**Task item**
Below are records; reproduce exactly the lines from the first through the one containing "1月18日,業(yè)主單位".

**Supplied data**
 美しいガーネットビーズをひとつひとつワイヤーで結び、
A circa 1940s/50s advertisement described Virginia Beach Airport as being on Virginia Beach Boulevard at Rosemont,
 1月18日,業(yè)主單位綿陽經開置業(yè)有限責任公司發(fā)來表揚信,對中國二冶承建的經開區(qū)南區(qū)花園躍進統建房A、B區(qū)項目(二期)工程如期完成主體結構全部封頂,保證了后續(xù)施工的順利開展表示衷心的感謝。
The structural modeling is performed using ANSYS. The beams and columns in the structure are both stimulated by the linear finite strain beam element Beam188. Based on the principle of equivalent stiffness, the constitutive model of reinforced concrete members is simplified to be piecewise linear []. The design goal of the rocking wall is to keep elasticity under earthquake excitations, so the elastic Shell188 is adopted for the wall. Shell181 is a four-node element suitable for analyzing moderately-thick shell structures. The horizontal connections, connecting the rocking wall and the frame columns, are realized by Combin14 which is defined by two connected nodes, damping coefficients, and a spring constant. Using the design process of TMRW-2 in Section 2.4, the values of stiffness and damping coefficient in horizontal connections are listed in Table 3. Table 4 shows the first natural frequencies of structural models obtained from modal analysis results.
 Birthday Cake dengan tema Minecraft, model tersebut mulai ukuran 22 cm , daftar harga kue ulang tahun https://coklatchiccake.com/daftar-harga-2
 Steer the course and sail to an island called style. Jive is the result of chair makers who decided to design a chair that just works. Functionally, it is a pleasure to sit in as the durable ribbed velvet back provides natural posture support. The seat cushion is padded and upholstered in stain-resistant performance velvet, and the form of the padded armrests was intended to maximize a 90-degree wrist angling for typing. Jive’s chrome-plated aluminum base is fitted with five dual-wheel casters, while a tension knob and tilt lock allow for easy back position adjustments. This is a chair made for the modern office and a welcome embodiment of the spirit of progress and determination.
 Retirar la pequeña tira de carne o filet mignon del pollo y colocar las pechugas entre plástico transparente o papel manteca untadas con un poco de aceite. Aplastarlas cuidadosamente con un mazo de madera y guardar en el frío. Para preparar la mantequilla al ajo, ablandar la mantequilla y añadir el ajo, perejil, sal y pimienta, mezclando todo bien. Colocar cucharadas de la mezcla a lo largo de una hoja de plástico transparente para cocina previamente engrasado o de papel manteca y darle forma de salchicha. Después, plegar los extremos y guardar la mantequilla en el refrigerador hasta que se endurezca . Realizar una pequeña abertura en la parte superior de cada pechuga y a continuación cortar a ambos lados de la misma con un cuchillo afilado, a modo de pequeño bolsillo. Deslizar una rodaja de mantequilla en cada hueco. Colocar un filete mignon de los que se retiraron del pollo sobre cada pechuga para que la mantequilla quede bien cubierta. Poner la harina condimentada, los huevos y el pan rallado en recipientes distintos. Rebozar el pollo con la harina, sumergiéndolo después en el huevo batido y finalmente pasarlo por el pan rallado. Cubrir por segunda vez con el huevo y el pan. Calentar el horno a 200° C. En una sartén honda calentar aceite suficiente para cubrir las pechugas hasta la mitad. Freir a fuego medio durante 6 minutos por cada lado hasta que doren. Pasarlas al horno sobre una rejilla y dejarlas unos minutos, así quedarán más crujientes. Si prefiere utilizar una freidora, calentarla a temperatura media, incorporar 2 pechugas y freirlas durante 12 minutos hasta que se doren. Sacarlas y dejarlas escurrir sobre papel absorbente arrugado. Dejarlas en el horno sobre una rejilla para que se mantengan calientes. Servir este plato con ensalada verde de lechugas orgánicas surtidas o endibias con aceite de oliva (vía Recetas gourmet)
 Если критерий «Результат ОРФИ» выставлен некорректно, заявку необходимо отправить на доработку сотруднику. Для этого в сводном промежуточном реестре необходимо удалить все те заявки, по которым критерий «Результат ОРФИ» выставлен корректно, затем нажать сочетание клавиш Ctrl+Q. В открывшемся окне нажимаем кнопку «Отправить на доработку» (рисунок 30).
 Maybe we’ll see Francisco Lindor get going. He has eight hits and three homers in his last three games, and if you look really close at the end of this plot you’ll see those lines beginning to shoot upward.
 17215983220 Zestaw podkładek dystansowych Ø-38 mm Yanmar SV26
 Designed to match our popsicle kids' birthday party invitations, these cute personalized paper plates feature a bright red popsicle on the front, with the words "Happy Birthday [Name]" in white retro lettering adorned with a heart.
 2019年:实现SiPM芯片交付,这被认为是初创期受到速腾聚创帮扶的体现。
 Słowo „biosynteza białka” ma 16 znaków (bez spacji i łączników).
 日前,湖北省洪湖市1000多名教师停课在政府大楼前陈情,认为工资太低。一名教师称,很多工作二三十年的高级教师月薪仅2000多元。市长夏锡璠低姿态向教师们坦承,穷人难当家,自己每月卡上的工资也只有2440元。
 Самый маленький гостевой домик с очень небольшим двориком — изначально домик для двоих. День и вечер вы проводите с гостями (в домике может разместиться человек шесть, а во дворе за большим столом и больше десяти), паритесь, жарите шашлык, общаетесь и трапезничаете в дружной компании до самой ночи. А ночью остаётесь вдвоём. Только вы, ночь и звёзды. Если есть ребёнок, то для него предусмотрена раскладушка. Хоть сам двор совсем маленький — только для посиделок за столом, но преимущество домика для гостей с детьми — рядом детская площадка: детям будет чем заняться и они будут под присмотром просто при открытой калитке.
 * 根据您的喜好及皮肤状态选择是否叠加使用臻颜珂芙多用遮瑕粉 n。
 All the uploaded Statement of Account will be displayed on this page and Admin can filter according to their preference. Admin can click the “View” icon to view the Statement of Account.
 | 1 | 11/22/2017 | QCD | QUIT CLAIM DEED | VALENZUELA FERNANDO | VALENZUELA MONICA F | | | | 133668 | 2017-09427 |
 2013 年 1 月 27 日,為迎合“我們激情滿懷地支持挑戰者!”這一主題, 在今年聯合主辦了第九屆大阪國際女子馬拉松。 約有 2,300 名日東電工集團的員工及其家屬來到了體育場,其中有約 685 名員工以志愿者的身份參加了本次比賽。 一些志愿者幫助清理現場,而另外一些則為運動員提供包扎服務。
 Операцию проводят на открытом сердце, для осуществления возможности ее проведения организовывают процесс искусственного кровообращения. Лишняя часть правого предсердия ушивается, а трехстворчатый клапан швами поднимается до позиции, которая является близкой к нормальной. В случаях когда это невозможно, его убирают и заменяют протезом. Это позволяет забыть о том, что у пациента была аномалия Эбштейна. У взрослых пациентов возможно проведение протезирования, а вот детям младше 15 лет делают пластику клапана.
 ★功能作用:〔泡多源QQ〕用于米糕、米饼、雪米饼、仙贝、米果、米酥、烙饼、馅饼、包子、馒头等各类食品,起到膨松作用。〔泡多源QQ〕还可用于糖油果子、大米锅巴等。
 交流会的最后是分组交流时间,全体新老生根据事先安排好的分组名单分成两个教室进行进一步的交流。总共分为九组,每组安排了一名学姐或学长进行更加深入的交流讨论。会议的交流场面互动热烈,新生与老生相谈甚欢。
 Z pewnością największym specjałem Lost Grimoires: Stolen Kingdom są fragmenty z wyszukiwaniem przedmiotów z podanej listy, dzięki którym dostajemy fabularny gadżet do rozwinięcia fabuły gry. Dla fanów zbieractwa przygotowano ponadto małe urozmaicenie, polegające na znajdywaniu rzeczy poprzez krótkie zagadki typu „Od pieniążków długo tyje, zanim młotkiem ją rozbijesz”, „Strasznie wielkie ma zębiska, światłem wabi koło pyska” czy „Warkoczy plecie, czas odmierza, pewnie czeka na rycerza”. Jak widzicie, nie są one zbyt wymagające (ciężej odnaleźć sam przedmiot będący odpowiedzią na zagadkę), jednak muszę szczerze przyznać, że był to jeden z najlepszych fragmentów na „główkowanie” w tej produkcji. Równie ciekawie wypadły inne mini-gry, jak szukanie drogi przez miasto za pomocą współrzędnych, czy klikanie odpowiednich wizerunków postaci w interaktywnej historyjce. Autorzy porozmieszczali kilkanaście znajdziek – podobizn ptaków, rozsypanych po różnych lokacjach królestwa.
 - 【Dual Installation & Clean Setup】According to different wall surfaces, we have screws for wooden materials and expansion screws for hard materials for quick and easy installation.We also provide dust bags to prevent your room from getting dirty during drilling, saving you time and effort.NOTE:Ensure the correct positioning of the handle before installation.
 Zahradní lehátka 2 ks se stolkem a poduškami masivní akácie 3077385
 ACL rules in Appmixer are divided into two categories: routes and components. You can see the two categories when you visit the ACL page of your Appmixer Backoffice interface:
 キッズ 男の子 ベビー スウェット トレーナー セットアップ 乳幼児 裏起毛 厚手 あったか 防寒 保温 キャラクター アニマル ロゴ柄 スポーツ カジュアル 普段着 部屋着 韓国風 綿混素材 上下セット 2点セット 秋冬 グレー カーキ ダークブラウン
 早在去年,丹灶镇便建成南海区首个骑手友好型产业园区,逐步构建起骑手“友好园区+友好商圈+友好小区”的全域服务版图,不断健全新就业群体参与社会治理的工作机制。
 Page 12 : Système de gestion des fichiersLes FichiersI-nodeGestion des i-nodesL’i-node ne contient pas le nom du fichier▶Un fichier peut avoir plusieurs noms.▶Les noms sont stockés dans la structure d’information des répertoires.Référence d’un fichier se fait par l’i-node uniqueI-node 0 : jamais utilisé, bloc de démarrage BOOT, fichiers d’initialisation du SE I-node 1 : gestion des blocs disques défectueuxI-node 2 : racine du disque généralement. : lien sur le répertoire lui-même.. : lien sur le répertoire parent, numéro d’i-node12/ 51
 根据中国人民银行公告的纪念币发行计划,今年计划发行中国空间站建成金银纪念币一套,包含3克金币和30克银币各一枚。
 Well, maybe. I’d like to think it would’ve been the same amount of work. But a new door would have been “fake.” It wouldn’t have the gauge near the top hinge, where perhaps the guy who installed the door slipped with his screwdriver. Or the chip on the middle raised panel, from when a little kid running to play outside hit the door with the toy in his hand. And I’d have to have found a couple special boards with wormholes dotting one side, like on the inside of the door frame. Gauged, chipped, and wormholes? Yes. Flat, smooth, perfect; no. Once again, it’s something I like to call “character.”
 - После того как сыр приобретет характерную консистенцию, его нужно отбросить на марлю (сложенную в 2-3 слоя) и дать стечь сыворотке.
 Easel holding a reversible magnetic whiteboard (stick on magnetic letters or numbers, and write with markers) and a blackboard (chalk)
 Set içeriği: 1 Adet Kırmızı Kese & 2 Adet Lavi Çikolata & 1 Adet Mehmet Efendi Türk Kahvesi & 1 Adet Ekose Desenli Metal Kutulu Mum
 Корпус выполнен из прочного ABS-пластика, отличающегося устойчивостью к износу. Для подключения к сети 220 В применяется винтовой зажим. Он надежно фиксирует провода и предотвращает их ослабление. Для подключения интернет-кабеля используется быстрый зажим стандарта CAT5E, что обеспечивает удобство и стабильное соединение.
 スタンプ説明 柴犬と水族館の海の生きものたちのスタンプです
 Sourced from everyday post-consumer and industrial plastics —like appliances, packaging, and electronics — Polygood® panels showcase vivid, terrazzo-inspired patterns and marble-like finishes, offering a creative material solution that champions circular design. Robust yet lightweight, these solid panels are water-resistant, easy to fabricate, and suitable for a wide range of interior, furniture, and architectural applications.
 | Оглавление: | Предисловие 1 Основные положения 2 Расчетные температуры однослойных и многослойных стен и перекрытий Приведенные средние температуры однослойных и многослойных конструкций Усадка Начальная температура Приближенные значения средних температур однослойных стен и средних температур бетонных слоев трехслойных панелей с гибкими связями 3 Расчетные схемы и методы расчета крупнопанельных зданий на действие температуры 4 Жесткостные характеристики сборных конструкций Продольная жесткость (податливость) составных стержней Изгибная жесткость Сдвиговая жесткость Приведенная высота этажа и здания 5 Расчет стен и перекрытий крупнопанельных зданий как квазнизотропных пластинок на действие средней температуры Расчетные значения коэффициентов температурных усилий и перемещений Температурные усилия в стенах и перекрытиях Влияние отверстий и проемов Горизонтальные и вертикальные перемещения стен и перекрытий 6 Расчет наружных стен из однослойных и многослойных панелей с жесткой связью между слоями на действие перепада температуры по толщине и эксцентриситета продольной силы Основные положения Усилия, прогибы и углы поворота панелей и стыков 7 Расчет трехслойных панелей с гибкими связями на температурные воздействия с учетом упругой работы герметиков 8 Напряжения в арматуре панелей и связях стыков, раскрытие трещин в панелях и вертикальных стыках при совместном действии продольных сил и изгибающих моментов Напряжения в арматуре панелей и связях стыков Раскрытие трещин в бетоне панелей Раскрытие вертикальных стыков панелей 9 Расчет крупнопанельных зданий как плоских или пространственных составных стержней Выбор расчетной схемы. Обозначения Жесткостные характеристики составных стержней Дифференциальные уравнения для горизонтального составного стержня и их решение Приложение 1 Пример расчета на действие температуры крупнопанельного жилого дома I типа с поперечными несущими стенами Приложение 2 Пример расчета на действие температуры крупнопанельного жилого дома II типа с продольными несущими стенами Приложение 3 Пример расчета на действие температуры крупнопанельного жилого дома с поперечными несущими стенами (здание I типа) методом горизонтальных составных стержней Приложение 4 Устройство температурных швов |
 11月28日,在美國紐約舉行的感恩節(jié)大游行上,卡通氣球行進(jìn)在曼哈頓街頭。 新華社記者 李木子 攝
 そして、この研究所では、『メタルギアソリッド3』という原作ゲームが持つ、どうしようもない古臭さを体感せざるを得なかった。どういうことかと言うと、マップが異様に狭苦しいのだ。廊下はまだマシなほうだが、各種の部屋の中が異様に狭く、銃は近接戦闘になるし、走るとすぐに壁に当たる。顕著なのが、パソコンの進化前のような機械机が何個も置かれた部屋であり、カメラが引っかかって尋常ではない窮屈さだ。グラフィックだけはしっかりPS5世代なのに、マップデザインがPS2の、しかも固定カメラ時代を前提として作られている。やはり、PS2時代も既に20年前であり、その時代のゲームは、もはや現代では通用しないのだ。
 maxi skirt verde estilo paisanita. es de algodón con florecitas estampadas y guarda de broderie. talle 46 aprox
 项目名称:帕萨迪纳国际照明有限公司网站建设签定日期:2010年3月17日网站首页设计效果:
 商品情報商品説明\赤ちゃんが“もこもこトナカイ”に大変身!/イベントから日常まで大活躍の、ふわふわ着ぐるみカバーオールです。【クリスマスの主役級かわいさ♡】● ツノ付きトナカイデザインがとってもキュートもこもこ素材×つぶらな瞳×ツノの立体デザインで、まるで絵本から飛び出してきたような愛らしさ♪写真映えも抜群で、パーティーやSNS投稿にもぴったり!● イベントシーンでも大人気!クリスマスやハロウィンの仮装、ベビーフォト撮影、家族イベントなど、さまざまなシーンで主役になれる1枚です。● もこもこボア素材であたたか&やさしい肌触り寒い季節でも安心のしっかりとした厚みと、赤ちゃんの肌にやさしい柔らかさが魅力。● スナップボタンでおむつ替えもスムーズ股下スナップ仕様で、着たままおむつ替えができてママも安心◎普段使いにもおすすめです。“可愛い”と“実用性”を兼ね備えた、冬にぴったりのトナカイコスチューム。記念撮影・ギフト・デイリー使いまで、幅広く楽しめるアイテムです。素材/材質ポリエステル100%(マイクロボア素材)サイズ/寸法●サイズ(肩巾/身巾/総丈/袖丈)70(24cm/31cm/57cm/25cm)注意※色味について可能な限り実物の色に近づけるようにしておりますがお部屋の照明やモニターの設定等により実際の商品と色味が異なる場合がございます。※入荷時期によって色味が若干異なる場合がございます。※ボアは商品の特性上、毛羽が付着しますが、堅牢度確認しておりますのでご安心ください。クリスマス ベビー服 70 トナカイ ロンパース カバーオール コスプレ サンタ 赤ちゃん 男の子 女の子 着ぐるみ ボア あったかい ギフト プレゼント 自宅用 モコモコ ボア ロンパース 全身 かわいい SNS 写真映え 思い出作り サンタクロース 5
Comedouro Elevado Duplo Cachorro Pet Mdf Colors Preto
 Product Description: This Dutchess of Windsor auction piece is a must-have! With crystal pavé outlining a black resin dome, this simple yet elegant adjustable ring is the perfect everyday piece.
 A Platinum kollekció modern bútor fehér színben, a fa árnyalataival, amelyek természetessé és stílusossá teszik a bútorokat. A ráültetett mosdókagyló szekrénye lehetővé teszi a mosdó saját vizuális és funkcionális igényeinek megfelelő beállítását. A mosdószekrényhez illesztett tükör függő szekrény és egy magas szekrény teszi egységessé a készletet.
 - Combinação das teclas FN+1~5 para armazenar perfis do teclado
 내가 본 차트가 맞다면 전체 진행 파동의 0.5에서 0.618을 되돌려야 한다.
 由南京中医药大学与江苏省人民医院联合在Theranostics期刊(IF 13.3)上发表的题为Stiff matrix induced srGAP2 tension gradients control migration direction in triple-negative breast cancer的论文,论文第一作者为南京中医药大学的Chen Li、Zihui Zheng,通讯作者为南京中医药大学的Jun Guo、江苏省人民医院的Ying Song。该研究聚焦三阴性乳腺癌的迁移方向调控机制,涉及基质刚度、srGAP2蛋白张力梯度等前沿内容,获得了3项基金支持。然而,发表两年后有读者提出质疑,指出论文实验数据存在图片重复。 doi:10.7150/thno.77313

**Response area**
 美しいガーネットビーズをひとつひとつワイヤーで結び、
A circa 1940s/50s advertisement described Virginia Beach Airport as being on Virginia Beach Boulevard at Rosemont,
 1月18日,業(yè)主單位綿陽經開置業(yè)有限責任公司發(fā)來表揚信,對中國二冶承建的經開區(qū)南區(qū)花園躍進統建房A、B區(qū)項目(二期)工程如期完成主體結構全部封頂,保證了后續(xù)施工的順利開展表示衷心的感謝。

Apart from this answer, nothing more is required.